During shutdown draining (SIGTERM / deployment restarts), the manager explicitly NACKs queued/in-flight work:

{
  "type": "error",
  "payload": {
    "code": "SYSTEM_SHUTDOWN",
    "message": "Manager is shutting down"
  }
}

Client guidance

Treat as a stop-the-world signal: do not retry immediately.
Close the socket and reconnect with backoff.
Resume work only after GET /ready returns ready again.

Operational detail:

The manager enforces a hard 2.0s SIGTERM deadline for draining (best-effort). Plan for NACKs under deploy restarts.

B) Inference job failures (`type="inference"`, `payload.status="FAILED"`)

Inference responses always come back as:

{
  "type": "inference",
  "uuid": "client-uuid",
  "payload": {
    "status": "COMPLETED|FAILED",
    "model_name": "my-model",
    "data": {}
  }
}

When status="FAILED", payload.data may be either:

A typed Triton-facing error object (recommended contract):

{
  "code": "TRITON_TIMEOUT",
  "message": "[TritonThread] TRITON_TIMEOUT: model='my-model' retriable=True reason=Timeout",
  "retriable": true,
  "retry_after_seconds": 2
}

A string for validation/contract errors (missing fields, unknown container, etc.):

"Missing required field 'vm_ip'"

Client guidance

If payload.data is an object:
- Use code + retriable to implement retry policy (do not parse message).
- TRITON_TIMEOUT is retriable: retry with exponential backoff + jitter.
- If retry_after_seconds is present, respect it.
If payload.data is a string:
- Treat as a client-side contract error (fix request formation).

Admission Control (413 Payload Too Large)

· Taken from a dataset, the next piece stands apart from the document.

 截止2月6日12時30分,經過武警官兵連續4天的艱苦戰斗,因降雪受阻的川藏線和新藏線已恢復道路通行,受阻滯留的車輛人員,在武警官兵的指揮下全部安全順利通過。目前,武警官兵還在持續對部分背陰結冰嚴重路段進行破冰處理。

If the manager is configured with a payload budget (e.g. TCM_MAX_REQUEST_PAYLOAD_MB>0), requests that exceed the estimated decoded payload limit fail fast with an error reason containing:

413 Payload Too Large

Example failure reason:

{
  "code": "TRITON_INFERENCE_FAILED",
  "message": "[TritonThread] TRITON_INFERENCE_FAILED: model='my-model' retriable=False reason=413 Payload Too Large: estimated_bytes=... limit_bytes=...",
  "retriable": false
}

Client guidance

This is not retriable as-is. Reduce tensor dimensions / datatype size.

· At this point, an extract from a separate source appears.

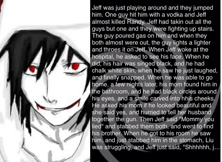 Jeff was just playing around and they jumped him. One guy hit him with a vodka and Jeff almost killed Randy. Jeff had takin out all the guys but one and they were fighting up stairs. The guy poured gas on him and when they both almost were out, the guy lights a lighter and throes it on Jeff. When Jeff woke at the hospital, he asked to see his face. When he did, his hair was singed black, and he had chalk white skin, when he saw he just laughed, and finally snapped. When he was able to go home, a few nights later, his mom found him in the bathroom, and he had black circles around his eyes, and a smile carved into hhis cheeks. He asked his mom if he looked beautiful and she said yes, and hurried to tell her husband together the gun. Then Jeff said "Mommy you lied" and stabbed them both, and went to find his brother. When he got to his room he saw him, and just stabbed him in the stomach, Liu was struggling, and Jeff just said, "Shhhhhh, just go to sleep."

Zero‑Copy Shared Memory (POSIX System SHM)

For large tensors, the recommended v2.0.0-GOLDEN path is to avoid sending tensor bytes over WebSocket JSON and instead:

Write the tensor into POSIX shared memory (e.g. /dev/shm)
Send an SHMReference object as the inference input payload (metadata only)

Capability negotiation

During auth, clients may request SHM support:

{
  "uuid": "client-uuid",
  "type": "auth",
  "payload": {
    "capability": ["json", "shm"]
  }
}

If the environment supports SHM, the manager replies with auth.ok and payload.capability including "shm".
If the client does not send capability, the manager replies with the legacy shape {"type":"auth.ok"} (no payload) to avoid breaking older clients.

`SHMReference` shape

Send SHM inputs in payload.request.inputs:

{
  "name": "INPUT__0",
  "shm_key": "/tcm_demo_input0",
  "offset": 0,
  "byte_size": 602112,
  "shape": [1, 3, 224, 224],
  "dtype": "FP32"
}

SHM error codes

TRITON_SHM_UNAVAILABLE (fatal): SHM not supported or shm key missing/inaccessible.
TRITON_SHM_REGISTRATION_FAILED (fatal): SHM registration failed on the Triton side.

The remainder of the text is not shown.